REQUIREMENT =>
Write the records below out in full, character for character, with no pictures.

Records excerpted from a collection
++++

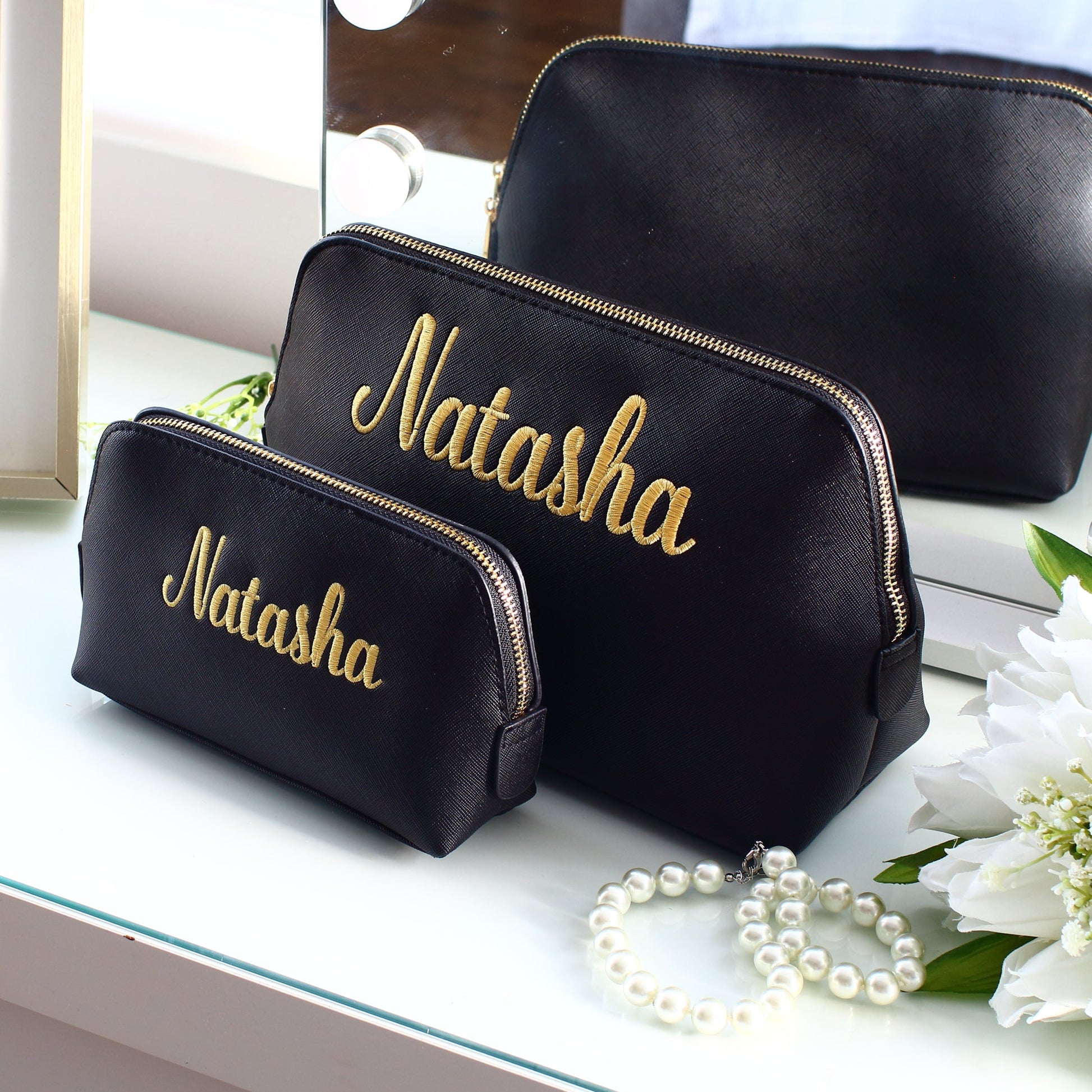 Please note our grey makeup bags have a slight variation between the large and the medium size as shown in the last photo. Please do not purchase if this will be an issue as we don't refund on personalised orders.
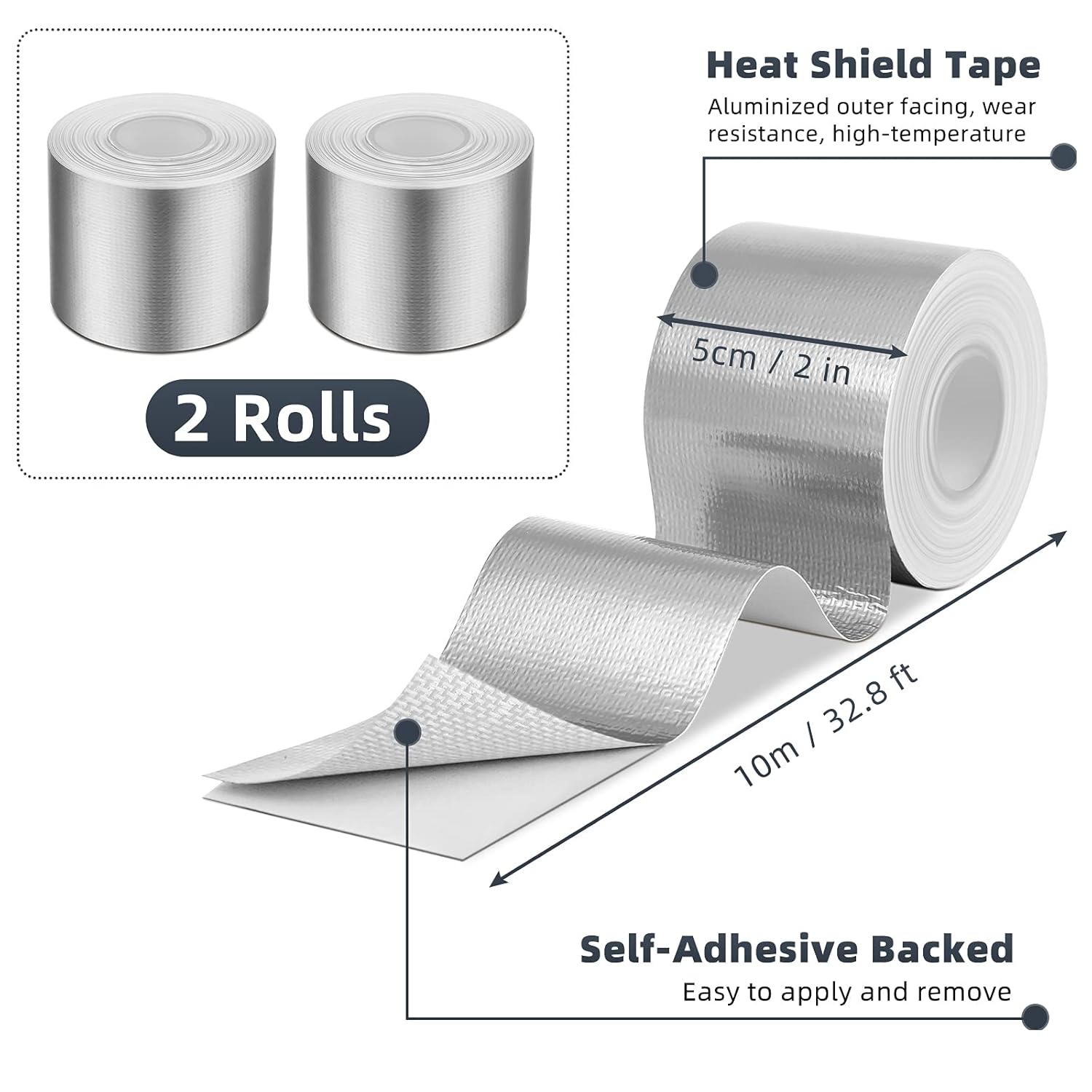 - Abundant quantity: you will receive 2 rolls of aluminum foil heat shielding tape, each roll measures approx. 10 m x 5 cm (32.8 ft x 2 inch), enough to use in daily life, and you can adjust the length according to your needs to satisfy your various projects
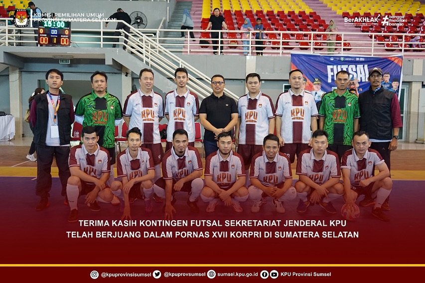 #Temanpemilih, Tim futsal Kontingen KORPRI Setjen Komisi Pemilihan Umum (KPU) tampil penuh semangat dan menjunjung tinggi sportivitas dalam pertandingan cabang futsal pada Pekan Olahraga Nasional (PORNAS) XVII KORPRI Tahun 2025 yang digelar di Provinsi Sumatera Selatan.
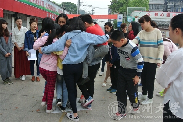 为更好地贯彻落实党的十八届三中全会关于“强化体育课和课外锻炼,促进青少年身心健康、体魄强健”的精神,4月18日,pg电子官方网站艺家人青年志愿者协会与梅泉社区小朋友们开展了“走下网络、走出宿舍、走向操场”主题课外趣味运动会。
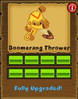 (增加射程)→(增加射程且能擊中迷彩氣球)→(射速下降但可以攻擊18個氣球)→(增加對陶瓷氣球的攻擊,可以攻擊鐵質氣球)
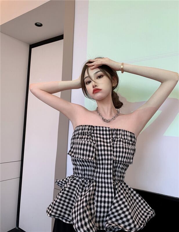 《最新作オススメ》ノースリーブトップス フリル チューブトップ バックオープン オフショルダー チェック柄 sweet系

++++

THE ANSWER =>
 Please note our grey makeup bags have a slight variation between the large and the medium size as shown in the last photo. Please do not purchase if this will be an issue as we don't refund on personalised orders.
 - Abundant quantity: you will receive 2 rolls of aluminum foil heat shielding tape, each roll measures approx. 10 m x 5 cm (32.8 ft x 2 inch), enough to use in daily life, and you can adjust the length according to your needs to satisfy your various projects
 #Temanpemilih, Tim futsal Kontingen KORPRI Setjen Komisi Pemilihan Umum (KPU) tampil penuh semangat dan menjunjung tinggi sportivitas dalam pertandingan cabang futsal pada Pekan Olahraga Nasional (PORNAS) XVII KORPRI Tahun 2025 yang digelar di Provinsi Sumatera Selatan.
 为更好地贯彻落实党的十八届三中全会关于“强化体育课和课外锻炼,促进青少年身心健康、体魄强健”的精神,4月18日,pg电子官方网站艺家人青年志愿者协会与梅泉社区小朋友们开展了“走下网络、走出宿舍、走向操场”主题课外趣味运动会。
 (增加射程)→(增加射程且能擊中迷彩氣球)→(射速下降但可以攻擊18個氣球)→(增加對陶瓷氣球的攻擊,可以攻擊鐵質氣球)
 《最新作オススメ》ノースリーブトップス フリル チューブトップ バックオープン オフショルダー チェック柄 sweet系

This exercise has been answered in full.